RE: [xml-dev] RFC for XML Object Parsing

Peter.

Good input, here is some brief output.

You said, "Basically, it seems you believe that some number of endpoints are going to share some deep understanding of the same object model so that you can subsequently exploit this shared understanding to enable some efficiencies in the XML parsing process?"

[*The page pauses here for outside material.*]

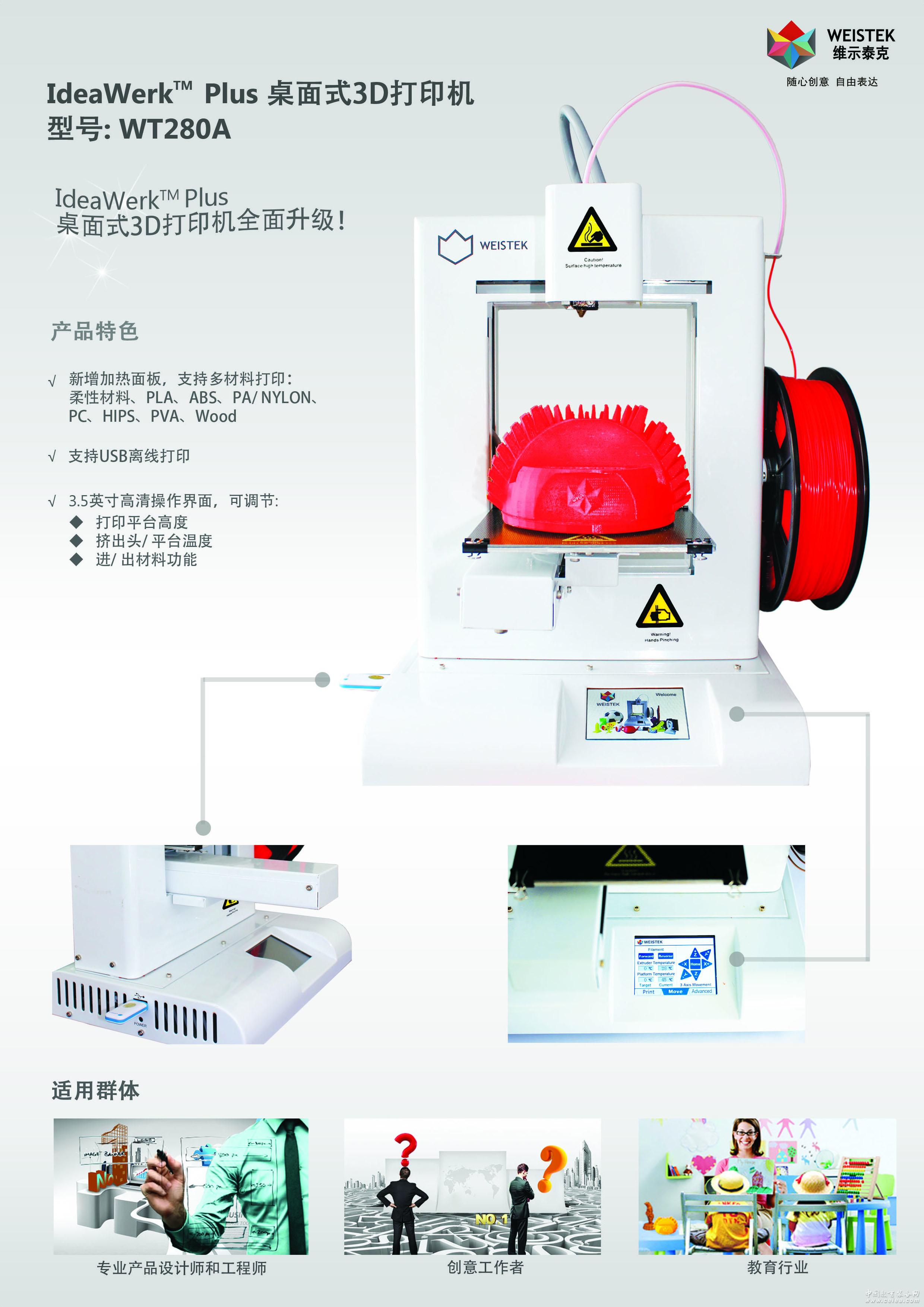 產品詳細介紹IdeaWerk Plus桌面式3D打印機 隨心創意 自由表達 型號:WT280A
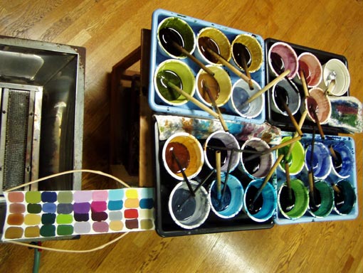 暑い!しかし、夏は暑いのが夏らしくて良い。ほどほどに季節らしいのがイイわ(笑こういう日は、1日中家にこもって仕事。というより盆前の追い込みで、もはやバテている(^^;が、このところ硬い話が続いたので今日は夏の色について。色っぽい話ではなく・・・染料の話(^^梅雨時から夏にかけては、色が長持ちしない。湿気が多いと腐ってカビも生える。薄い色には胡粉が入っているものも多く、更に腐りやすい。みょ~うな甘い香りがしてドロリとした感触になる(--;)もちろん防腐剤も入れているが、暑いので冷房を入れると染料の液自体の乾燥が早くなり色の濃度が変わる。毎朝、色の調整から始まるが、これがけっこう時間を費やすのだ。絹用の化学染料は水彩絵の具に似ている。しかし、使うときに混色することはめったになく、目的の色を必要な数だけ合わせるために色数が多くなる。これは着物の場合、特に合い口(身頃など縫い合わせ)の模様を同じ色にしないとイケナイ為でもある。ちょっと使う色が多すぎて混乱。ガスコンロの上は実際の生地に使った色を見本として乾燥させたもの。こうして残しておくと、万一腐っても、この見本と同じような色を再び合わせて作ることが出来る。・・・まだまだ色数は増える予定(笑暑い一日。めまいしそうな程の夏の色(^^;

Not exactly, it not that they intimately share an object model, they only share a key to the data. Every Invoice has an invoice Number. EDI 810 says so. When modeling that in XML set the oid= to the unique key(in this case the invoice number). Attribute order matters,oid must be first however, OID IS NEVER REQUIRED. It is as you say - an optimization - it is an optional optimization. Nobody will be forced to retrofit into an existing design that was depending on the principle that attribute order is, was, and always will be insignificant. I can imagine that in some existing implementations adding "oid" under the conditions that it be first may not be simple, in other cases it's a 1 liner. If "oid" is unknown, the data goes through the logic already in place. If "oid" is there then we can parse triple fast.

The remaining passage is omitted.